Michael Curtiz, 1961 (États-Unis)
François d’Assise est un des personnages du Moyen Âge les plus représentés au cinéma. Presque une quinzaine de films a été tournée sur Saint François entre 1897 et 2015 (soit environ moitié moins que de Jeanne d’Arc ou de Robin des Bois). La version très classique de Michael Curtiz figure, avec Les onze fioretti de Rossellini (1950), parmi les plus connues.
La biographie du saint ici entreprise est conventionnelle : de la jeunesse intrépide à la mort auréolée, le récit du vieux Curtiz (plus de 70 ans quand il réalise ce film qui est aussi son tout dernier) sert le récit de l’Église. Si par la radicalité de ses positions le Poverello put gêner de son vivant, l’Église eut tôt la main mise sur sa légende. François (1182-1226) est canonisé deux ans seulement après sa mort. La Vie de saint François commandée à Giotto et peinte peu de temps après sur les murs de la basilique d’Assise, à la fin du XIIIe siècle.

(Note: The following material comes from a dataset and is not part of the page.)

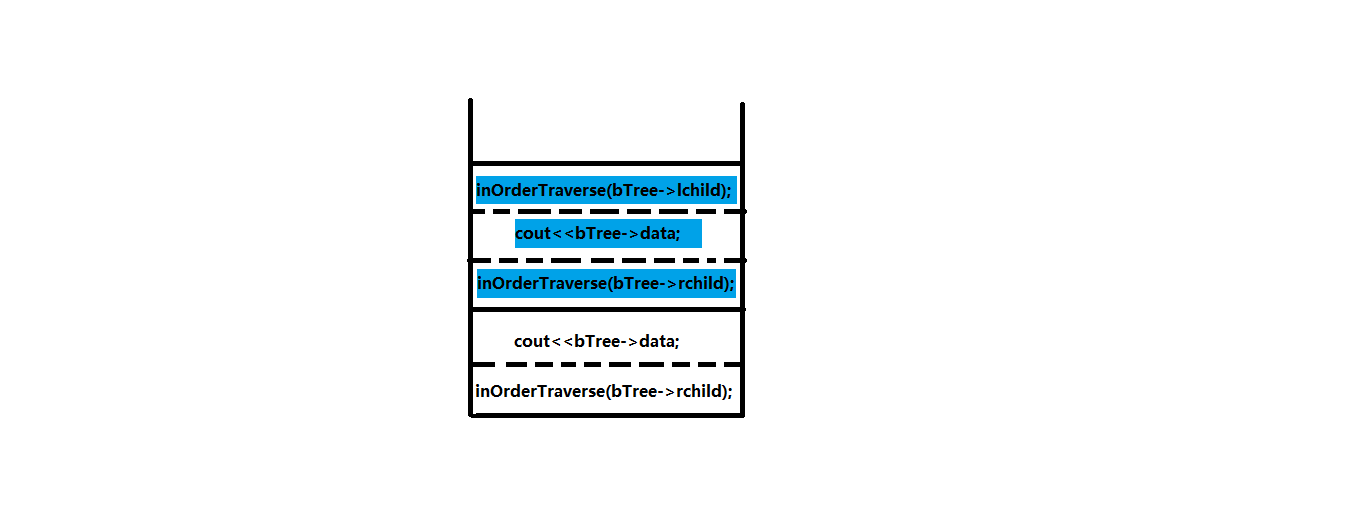 当主函数inOrderTraverse(bTree)中第一个inOrderTraverse(bTree->lchild)子函数被调用时,主函数中剩余的数据和步骤被保留在当前的函数栈帧中。而子函数入函数栈,成为栈顶函数。当子函数运行结束,返回时,子函数出栈,栈顶又变为主函数。然后,程序继续执行主函数中的剩余步骤。

Dans le film, les tableaux de Curtiz profitent pleinement du Technicolor : dès le générique avec les fresques de Giotto justement, chez le marchand drapier (père de François), avec les chevaliers (les écus, les robes des chevaux et les étendards sont vifs et plein d’éclat) ou encore chez le souverain pontife à Rome. En dehors de ce flamboiement des couleurs et des épisodes convenus (la prison, les oiseaux, la grotte et les stigmates), on retient la place accordée à Claire d’Assise (Dolores Hart) dont l’amour, au grand dam du comte Paolo de Vandria (Stuart Whitman), vient renforcer la foi de celle qui fonde bientôt la communauté des Pauvres Dames, les Clarisses.
Michael Curtiz restaure la légende chrétienne au cinéma et son Saint François tend à une certaine exhaustivité. Il rapporte même le voyage en Égypte et l’échec de son audacieuse prédication face au sultan Al-Malik (après la prise de Damiette lors de la cinquième croisade). Il n’omet pas non plus bien sûr les débuts de la querelle sur la pauvreté au sein de l’ordre des Mineurs. La fin du film, où viennent s’inscrire dans le ciel les mots « Pax et bonum » (la formule de Saint François), fait le lien avec Faust (1926). En effet, Murnau achève son film sur le mot « Amour » : Faust au bout de ses mésaventures avec le démon se tourne enfin vers Marguerite et cet amour s’affiche haut dans le ciel et la lumière. Cependant, même si le film n’est pas sans intérêt, loin de là, Curtiz ne procure aucune extase ni rien de métaphysique. Son récit est bien trop sage et en définitive ce qu’il livre se résume à une simple hagiographie.
Tiens, je viens justement de voir la (merveilleuse) version de Rossellini, et j’ai comme l’impression qu’elle est une sorte d’antithèse au film de Curtiz…
Je suis aussi sur cette impression (et je m’attaquerai bientôt aux Onze fioretti ! Enfin… « s’attaquer » avec un nom aussi délicat que fioretti, n’est peut-être pas le mot qui convient).
En fait, à sa façon, le film de Curtiz me fait beaucoup penser à La Bible de Huston (1966).